> **WHAT IS NEEDED**
Could you copy the records below exactly, keeping none of the images?

─── DATA FOR THIS TASK

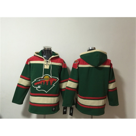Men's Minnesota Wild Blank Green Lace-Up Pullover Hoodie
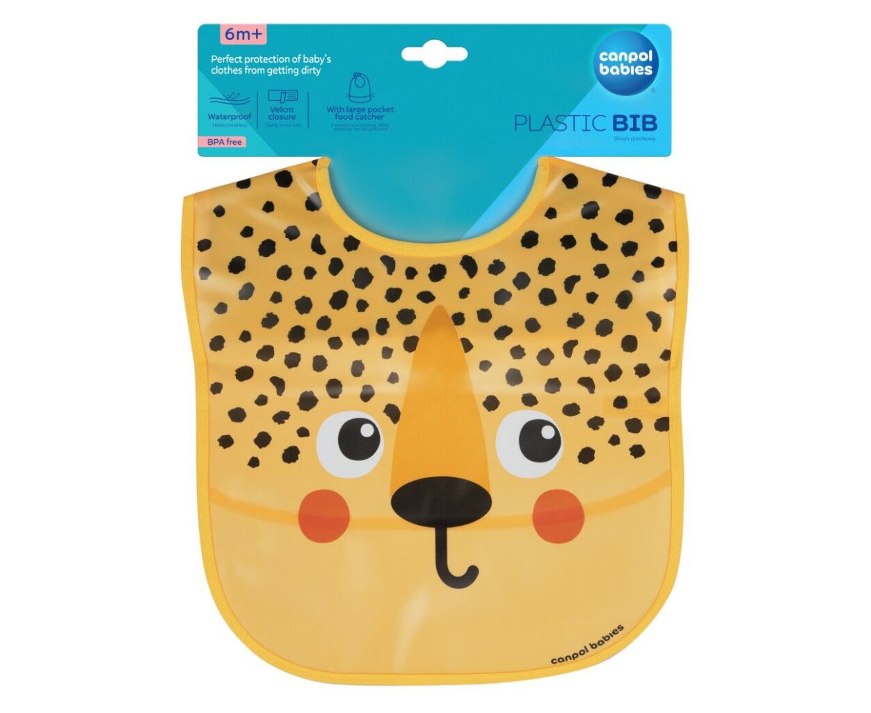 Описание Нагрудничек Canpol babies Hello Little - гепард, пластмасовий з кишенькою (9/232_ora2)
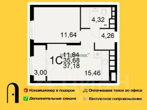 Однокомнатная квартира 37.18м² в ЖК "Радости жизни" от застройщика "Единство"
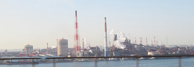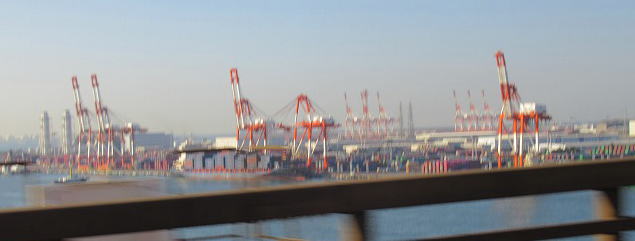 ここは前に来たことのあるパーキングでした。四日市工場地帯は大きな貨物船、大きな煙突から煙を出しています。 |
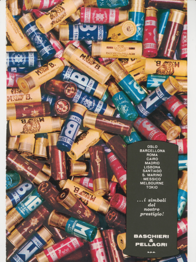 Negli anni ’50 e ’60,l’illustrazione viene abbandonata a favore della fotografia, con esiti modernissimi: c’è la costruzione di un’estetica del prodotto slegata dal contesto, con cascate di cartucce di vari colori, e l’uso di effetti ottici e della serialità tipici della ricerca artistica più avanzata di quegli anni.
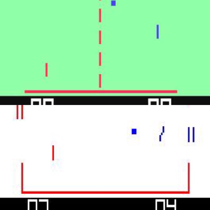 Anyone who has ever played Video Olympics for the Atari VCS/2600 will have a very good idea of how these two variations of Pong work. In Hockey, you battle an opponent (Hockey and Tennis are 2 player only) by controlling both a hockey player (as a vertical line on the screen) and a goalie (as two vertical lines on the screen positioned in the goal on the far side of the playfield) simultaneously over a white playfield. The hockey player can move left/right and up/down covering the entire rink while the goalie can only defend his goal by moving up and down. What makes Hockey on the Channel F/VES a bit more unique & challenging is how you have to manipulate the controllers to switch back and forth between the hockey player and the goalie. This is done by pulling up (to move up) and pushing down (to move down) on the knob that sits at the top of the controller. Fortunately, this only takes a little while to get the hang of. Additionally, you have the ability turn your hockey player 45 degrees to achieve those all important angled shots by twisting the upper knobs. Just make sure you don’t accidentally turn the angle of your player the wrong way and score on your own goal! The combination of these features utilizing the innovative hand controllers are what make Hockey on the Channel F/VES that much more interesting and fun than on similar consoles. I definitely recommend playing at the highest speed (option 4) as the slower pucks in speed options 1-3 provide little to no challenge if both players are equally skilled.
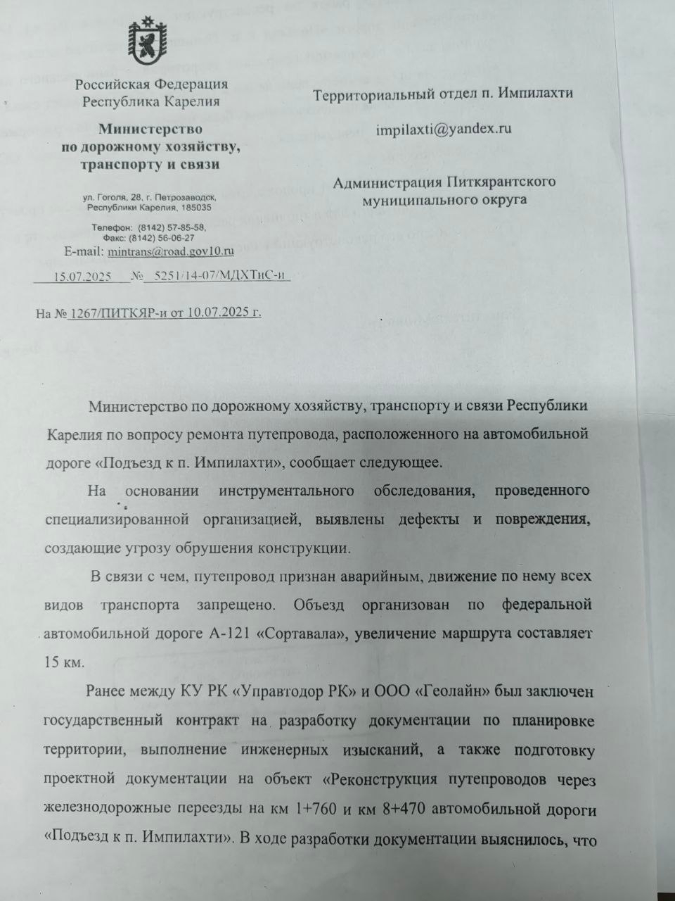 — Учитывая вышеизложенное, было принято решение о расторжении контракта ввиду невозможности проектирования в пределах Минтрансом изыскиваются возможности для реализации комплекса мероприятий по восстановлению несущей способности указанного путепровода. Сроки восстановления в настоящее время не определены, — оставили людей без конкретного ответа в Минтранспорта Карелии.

──────

> **ANSWER TO THE PROBLEM**
Men's Minnesota Wild Blank Green Lace-Up Pullover Hoodie
 Описание Нагрудничек Canpol babies Hello Little - гепард, пластмасовий з кишенькою (9/232_ora2)
 Однокомнатная квартира 37.18м² в ЖК "Радости жизни" от застройщика "Единство"
 ここは前に来たことのあるパーキングでした。四日市工場地帯は大きな貨物船、大きな煙突から煙を出しています。 |
 Negli anni ’50 e ’60,l’illustrazione viene abbandonata a favore della fotografia, con esiti modernissimi: c’è la costruzione di un’estetica del prodotto slegata dal contesto, con cascate di cartucce di vari colori, e l’uso di effetti ottici e della serialità tipici della ricerca artistica più avanzata di quegli anni.
 Anyone who has ever played Video Olympics for the Atari VCS/2600 will have a very good idea of how these two variations of Pong work. In Hockey, you battle an opponent (Hockey and Tennis are 2 player only) by controlling both a hockey player (as a vertical line on the screen) and a goalie (as two vertical lines on the screen positioned in the goal on the far side of the playfield) simultaneously over a white playfield. The hockey player can move left/right and up/down covering the entire rink while the goalie can only defend his goal by moving up and down. What makes Hockey on the Channel F/VES a bit more unique & challenging is how you have to manipulate the controllers to switch back and forth between the hockey player and the goalie. This is done by pulling up (to move up) and pushing down (to move down) on the knob that sits at the top of the controller. Fortunately, this only takes a little while to get the hang of. Additionally, you have the ability turn your hockey player 45 degrees to achieve those all important angled shots by twisting the upper knobs. Just make sure you don’t accidentally turn the angle of your player the wrong way and score on your own goal! The combination of these features utilizing the innovative hand controllers are what make Hockey on the Channel F/VES that much more interesting and fun than on similar consoles. I definitely recommend playing at the highest speed (option 4) as the slower pucks in speed options 1-3 provide little to no challenge if both players are equally skilled.
 — Учитывая вышеизложенное, было принято решение о расторжении контракта ввиду невозможности проектирования в пределах Минтрансом изыскиваются возможности для реализации комплекса мероприятий по восстановлению несущей способности указанного путепровода. Сроки восстановления в настоящее время не определены, — оставили людей без конкретного ответа в Минтранспорта Карелии.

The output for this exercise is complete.